Unfortunately it looks like our points are not quite normally distributed either. Lets see how well we are predicting the yeilds with our current model, to do this I will look at a plot of the predicted yields vs. the measured yields.

From this plot it looks like our model isn’t doing too horrible; we can see some of the effects from our residuals, but if we can take care of our assumptions we appear to be on the right track.
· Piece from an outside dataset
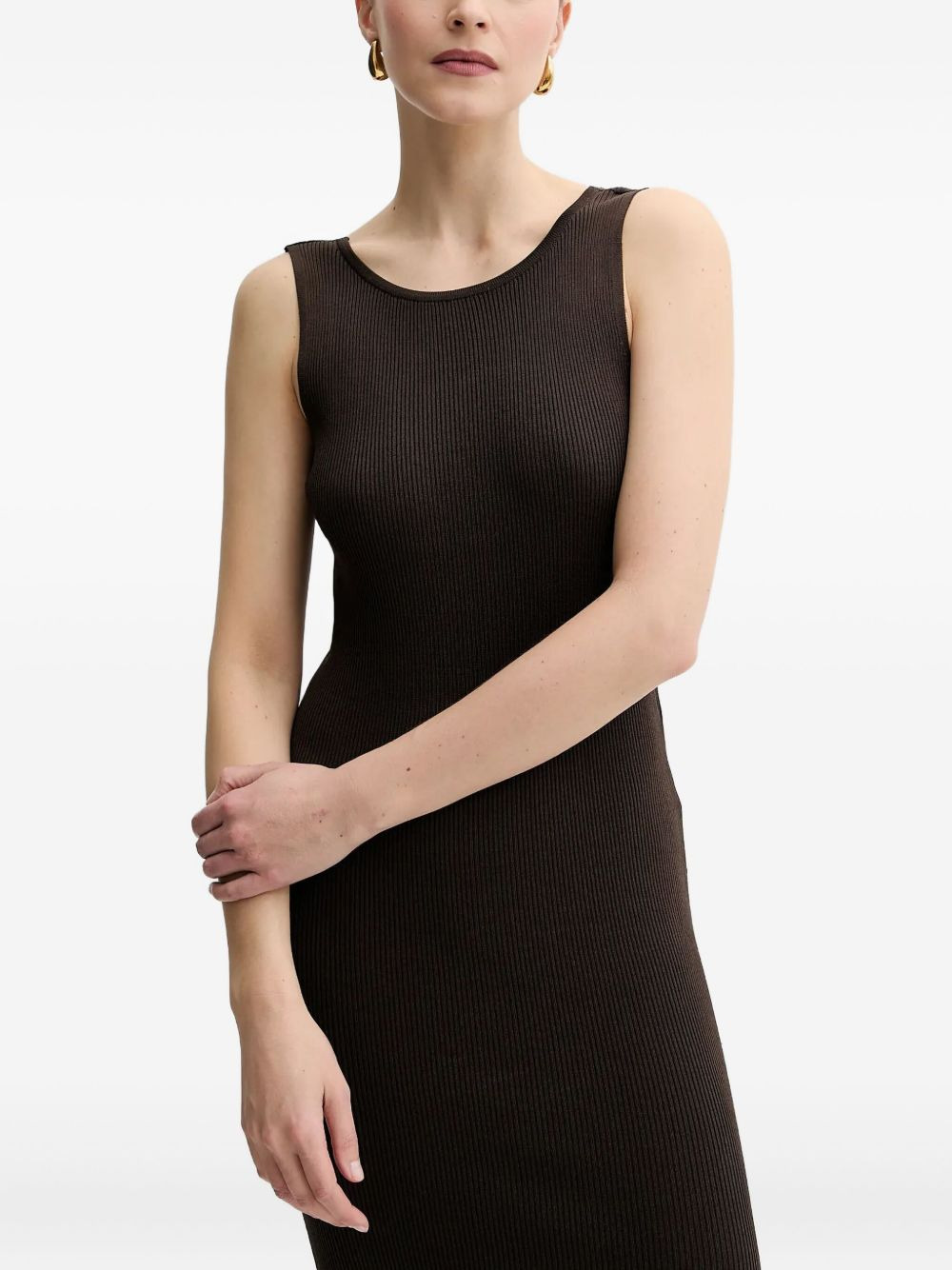 ribbed open-back dress Highlights - Dark-brown - Ribbed texture - Sleeveless - Open back - Twist detail - Side split Imported Composition Viscose 80%, Polyamide 20% Washing instructions Hand Wash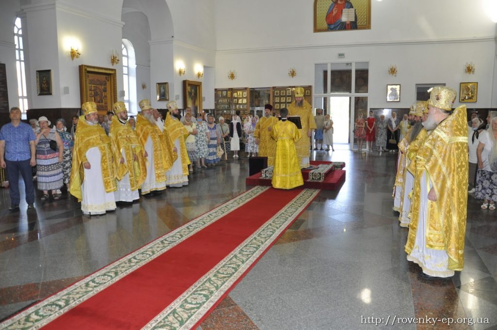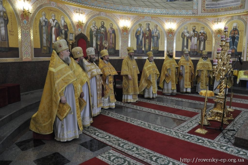 Архипастырю сослужили: настоятель собора протоиерей Владимир Конончук, секретарь Ровеньковской епархии протоиерей Григорий Устименко, секретарь Луганской епархии архимандрит Макарий (Любавцев), а также духовенство епархии.

In summary the plots above show the model does a reasonable job of predicting the yield, however the residual plots show that there certainly is room for improvement. We have some trends in the mean of the residuals vs. the predicted values and the QQ plot shows that they are not normally distributed around the mean. There may also be some issues with the assumption around constant variance, and if we look closely at the plots above showing the production and yields over time we may suspect that the residuals are correlated and not independent. This means we’re breaking a lot, if not all, of our assumptions. Lets see if we can get in a little better position by allowing the categorical variables to have a multiplicative influence instead (so they can change the slope of the line) instead of having only an additive influence which allows them to only change the intercept. My hope is this model will help addres some of the trends that we see in our residual plots.

Multiplicative model

Luckily R makes it easy to add the multiplicative influence by asking R to fit a model with all of the interactions as shown below. As mentioned above, this allows for the categorical values to influence not only the intercept but also the slope of yield over time. Now when we write our model out, it looks something more like this:

Now when we take a look at our residuals vs. fitted values, the trend in the mean is much better (there still is a little bit there, but likely due to the auto-correlation I will discuss later). We do still see non-constant variance which will have to be addressed.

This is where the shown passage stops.